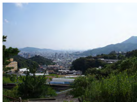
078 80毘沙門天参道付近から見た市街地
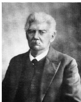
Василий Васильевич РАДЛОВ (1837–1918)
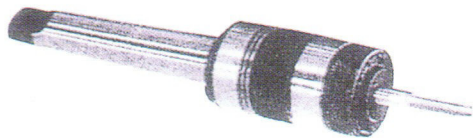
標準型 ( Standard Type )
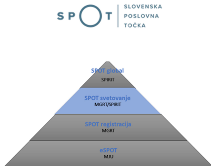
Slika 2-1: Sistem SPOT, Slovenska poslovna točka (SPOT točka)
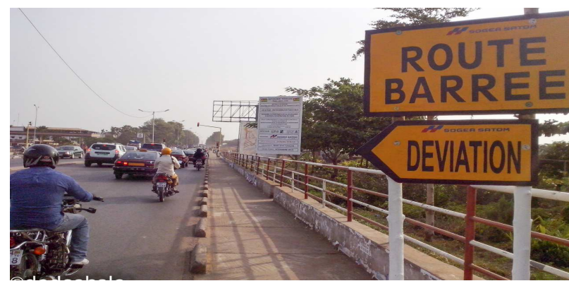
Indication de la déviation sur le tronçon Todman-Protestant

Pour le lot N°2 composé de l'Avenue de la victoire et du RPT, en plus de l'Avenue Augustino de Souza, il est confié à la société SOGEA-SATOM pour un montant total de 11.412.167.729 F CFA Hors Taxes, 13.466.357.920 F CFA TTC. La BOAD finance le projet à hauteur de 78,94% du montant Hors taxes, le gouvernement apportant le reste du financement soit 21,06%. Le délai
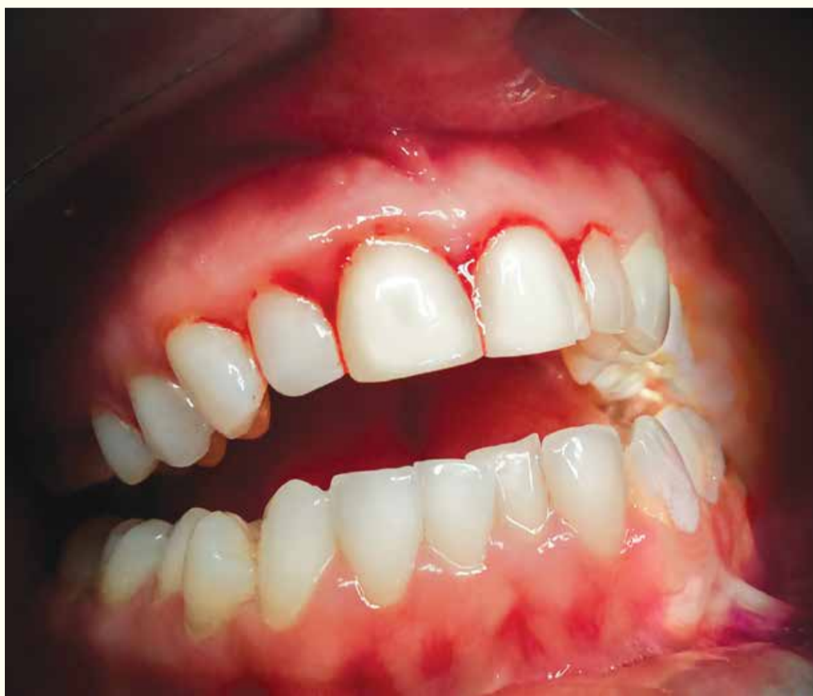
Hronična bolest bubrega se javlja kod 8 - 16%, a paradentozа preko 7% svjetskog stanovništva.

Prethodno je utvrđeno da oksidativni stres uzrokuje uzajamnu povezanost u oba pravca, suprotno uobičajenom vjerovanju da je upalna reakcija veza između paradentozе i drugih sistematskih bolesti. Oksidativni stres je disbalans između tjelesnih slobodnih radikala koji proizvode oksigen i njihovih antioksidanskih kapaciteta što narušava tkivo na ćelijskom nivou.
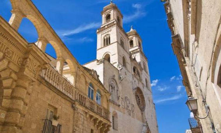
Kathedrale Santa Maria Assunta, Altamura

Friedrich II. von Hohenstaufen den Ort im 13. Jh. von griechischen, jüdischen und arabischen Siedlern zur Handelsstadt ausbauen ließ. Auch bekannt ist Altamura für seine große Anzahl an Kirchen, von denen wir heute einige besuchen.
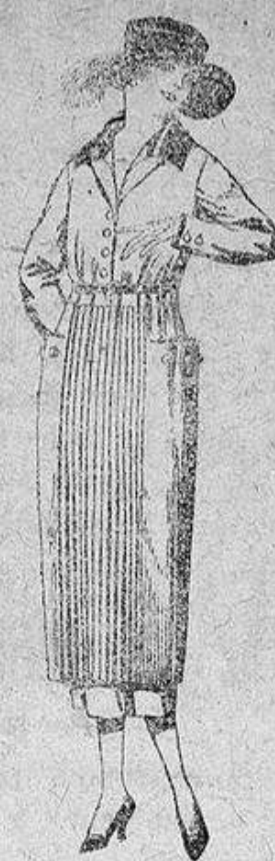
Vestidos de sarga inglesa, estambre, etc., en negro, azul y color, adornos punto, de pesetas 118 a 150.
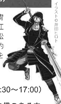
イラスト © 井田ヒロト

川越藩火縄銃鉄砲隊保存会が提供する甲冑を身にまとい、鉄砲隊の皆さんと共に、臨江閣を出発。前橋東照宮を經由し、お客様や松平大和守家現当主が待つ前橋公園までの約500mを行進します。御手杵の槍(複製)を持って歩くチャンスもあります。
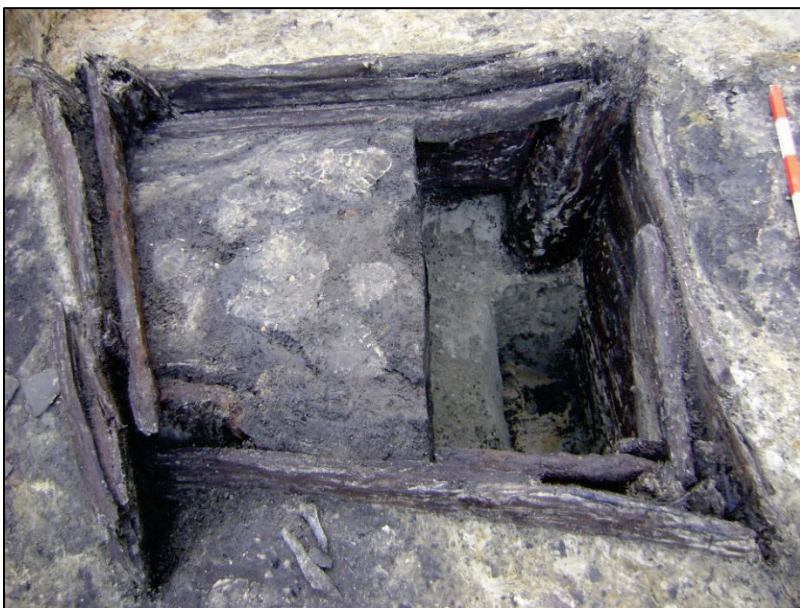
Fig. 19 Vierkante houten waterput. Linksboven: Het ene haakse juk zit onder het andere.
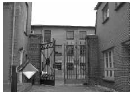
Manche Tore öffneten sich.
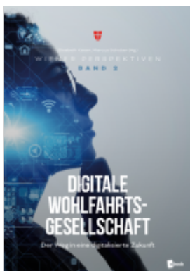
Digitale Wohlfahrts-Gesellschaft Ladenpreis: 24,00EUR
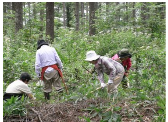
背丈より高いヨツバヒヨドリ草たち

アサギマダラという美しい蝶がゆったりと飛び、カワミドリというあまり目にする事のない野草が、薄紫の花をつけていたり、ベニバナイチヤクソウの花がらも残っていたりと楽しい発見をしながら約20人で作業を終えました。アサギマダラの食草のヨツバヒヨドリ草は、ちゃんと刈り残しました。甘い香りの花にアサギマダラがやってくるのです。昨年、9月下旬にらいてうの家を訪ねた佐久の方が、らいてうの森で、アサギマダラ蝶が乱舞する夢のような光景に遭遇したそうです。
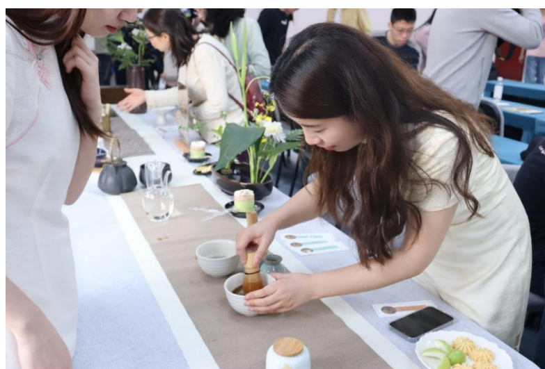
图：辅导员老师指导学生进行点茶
* * * *
**WHAT THE TASK ASKS**
Without the pictures, return the listing above from its first line through the line that has "背丈より高いヨツバヒヨドリ草たち".

**SOLUTION TO THIS EXERCISE**
078 80毘沙門天参道付近から見た市街地
Василий Васильевич РАДЛОВ (1837–1918)
標準型 ( Standard Type )
Slika 2-1: Sistem SPOT, Slovenska poslovna točka (SPOT točka)
Indication de la déviation sur le tronçon Todman-Protestant

Pour le lot N°2 composé de l'Avenue de la victoire et du RPT, en plus de l'Avenue Augustino de Souza, il est confié à la société SOGEA-SATOM pour un montant total de 11.412.167.729 F CFA Hors Taxes, 13.466.357.920 F CFA TTC. La BOAD finance le projet à hauteur de 78,94% du montant Hors taxes, le gouvernement apportant le reste du financement soit 21,06%. Le délai
Hronična bolest bubrega se javlja kod 8 - 16%, a paradentozа preko 7% svjetskog stanovništva.

Prethodno je utvrđeno da oksidativni stres uzrokuje uzajamnu povezanost u oba pravca, suprotno uobičajenom vjerovanju da je upalna reakcija veza između paradentozе i drugih sistematskih bolesti. Oksidativni stres je disbalans između tjelesnih slobodnih radikala koji proizvode oksigen i njihovih antioksidanskih kapaciteta što narušava tkivo na ćelijskom nivou.
Kathedrale Santa Maria Assunta, Altamura

Friedrich II. von Hohenstaufen den Ort im 13. Jh. von griechischen, jüdischen und arabischen Siedlern zur Handelsstadt ausbauen ließ. Auch bekannt ist Altamura für seine große Anzahl an Kirchen, von denen wir heute einige besuchen.
Vestidos de sarga inglesa, estambre, etc., en negro, azul y color, adornos punto, de pesetas 118 a 150.
イラスト © 井田ヒロト

川越藩火縄銃鉄砲隊保存会が提供する甲冑を身にまとい、鉄砲隊の皆さんと共に、臨江閣を出発。前橋東照宮を經由し、お客様や松平大和守家現当主が待つ前橋公園までの約500mを行進します。御手杵の槍(複製)を持って歩くチャンスもあります。
Fig. 19 Vierkante houten waterput. Linksboven: Het ene haakse juk zit onder het andere.
Manche Tore öffneten sich.
Digitale Wohlfahrts-Gesellschaft Ladenpreis: 24,00EUR
背丈より高いヨツバヒヨドリ草たち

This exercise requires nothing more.